4. Probabilistic speaker embeddings — Speaker diarization can be done by segmenting the speech into short segments, then extracting an embedding from each segment and then clustering the embeddings . This can optionally be followed by a resegmentation step . In this workshop we aim to concentrate on the embedding extraction and the clustering part of the diarization problem. Since embeddings extracted from low quality (noisy, or overlapped) speech segments can spoil the clustering, we propose to augment each embedding with a quality factor that is extracted in parallel with the embedding from each speech segment. Formally, the quality factor will be treated as a precision scaling factor that reflects the uncertainty about what the value of the embedding might have been if it had been extracted from a high quality segment. We already know how to utilize these quality factors, in a computationally efficient combination with PLDA, to compute likelihoods for clustering hypotheses . The research problem that remains for this workshop is to design and compare criteria for training the DNN that extracts the proposed probabilistic (quality-factor-augmented) embeddings.
5. Speaker diarizaiton — Neural network-based end-to-end approaches are emerging in speaker diarization [13, 14]. Also, a few recent speaker diarization systems are designed to handle utterance overlaps [15, 16].
6. Unsupervised Improvements — We will investigate ways to leverage untranscribed data in the following directions:
This list of suggested research directions and is certainly not an exhaustive one. The goal of the project is to address the hard problem of building robust speech recognition systems when there is no human annotation for matched training and development data. Neural networks, more accurate speech activity detection, multicondition training, speech enhancement, unsupervised adaptation, etc can all contribute to improving the overall SR performance.

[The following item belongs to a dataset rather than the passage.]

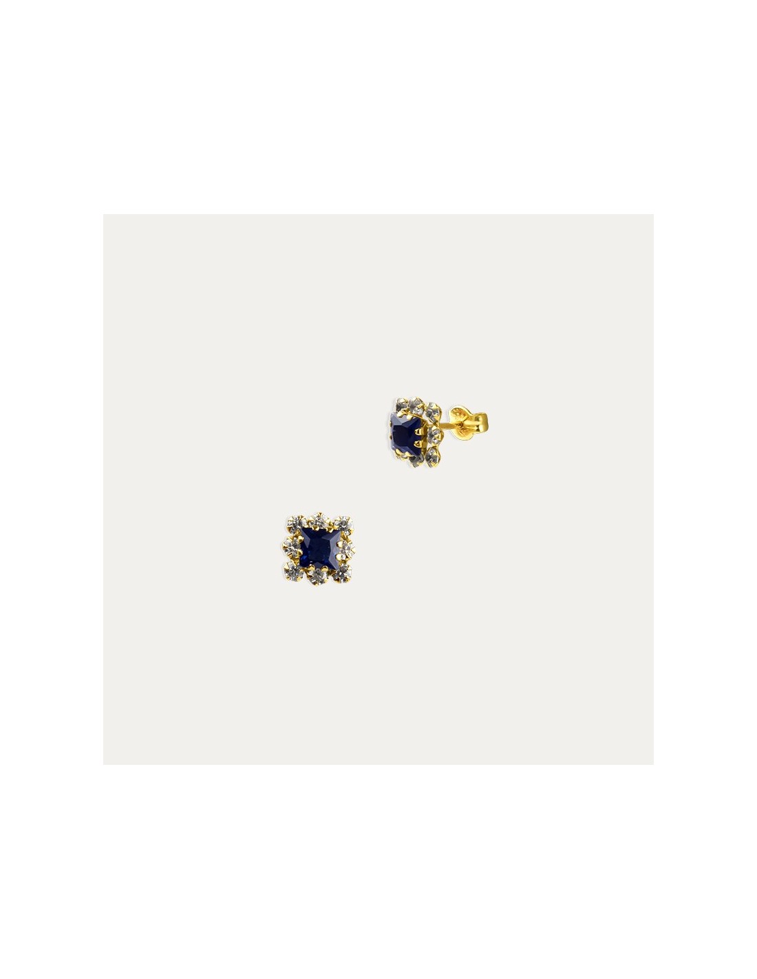 Par de pendientes de Oro de 9 kilates con una piedra de color zafiro rodeada de circonitas dándoles forma cuadrada.
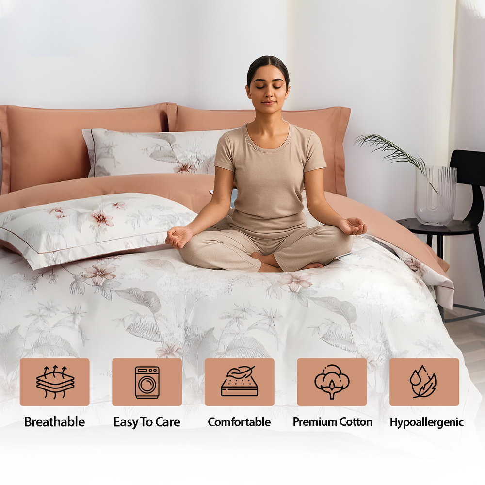 تحتوي كل مجموعة على ملاءة واحدة ملائمة، وغطاء لحاف واحد (لا يشمل اللحاف)، و4 أكياس وسادة بحجم 50 × 80 سم للحصول على مظهر منسق كامل.

These methods will pave the way for joint optimization of speaker diarization and other speech processing components.
Software Platform & Task Design
1. Dataset — we will provide two newly recorded datasets to facilitate research and allow for in-depth analysis of algorithms for handling utterance overlaps, one using a microphone array and one using spatially distributed microphones, called LibriCSS and LibriCSS-adhoc, respectively. The original unsegmented multi-talker recordings will be used.
2. Speech recognition — Both hybrid and end-to-end speech recognition systems will be considered. Open source systems such as PyKaldi2  and ESPnet  will be utilized.

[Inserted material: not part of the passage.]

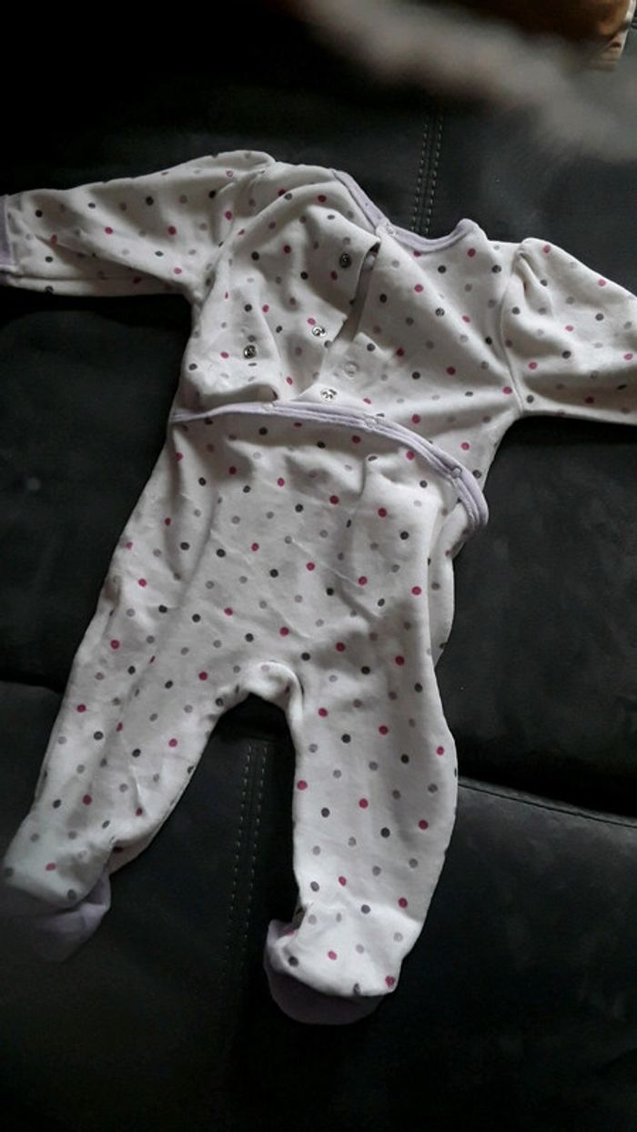 Pyjama chaud ėcru avec pois roses et mauves. Fermeture par pressions au dos. Taille 6 mois #6moisfillezhabou

3. Speaker embedding — A state-of-the-art speaker embedding extraction system  trained on the Vox Celeb dataset will be provided to bootstrap the diarization and speaker-informed speech separation work.
4. Probabilistic Embeddings — The work on probabilistic embeddings, clustering and diarization will proceed from baselines provided by various existing proprietary and open-source code bases for speaker embeddings, PLDA scoring, clustering and diarization. In addition to the above-mentioned new meeting databases, many existing databases for speaker recognition are also available for training relevant parts of the system.
In addition, an evaluation pipeline for multi-talker continuous speech recognition will also be provided to allow participants to immediately start research investigations. Open-source implementations will also be exploited wherever appropriate.
Task design — The target of this team is to address the speech recognition and speaker diarization for unsegmented multi-talker speech recordings. We will evaluate novel architectures/techniques for this task, including the two preliminary setups, as well as novel end-to-end solutions. The unsupervised model adaptation from model trained from pre-segmented data is also an possible method to improve the baseline. Different recording setups will also be considered, such as microphone arrays and spatially distributed microphones. WER and speaker-attributed WER will be the primary performance metrics.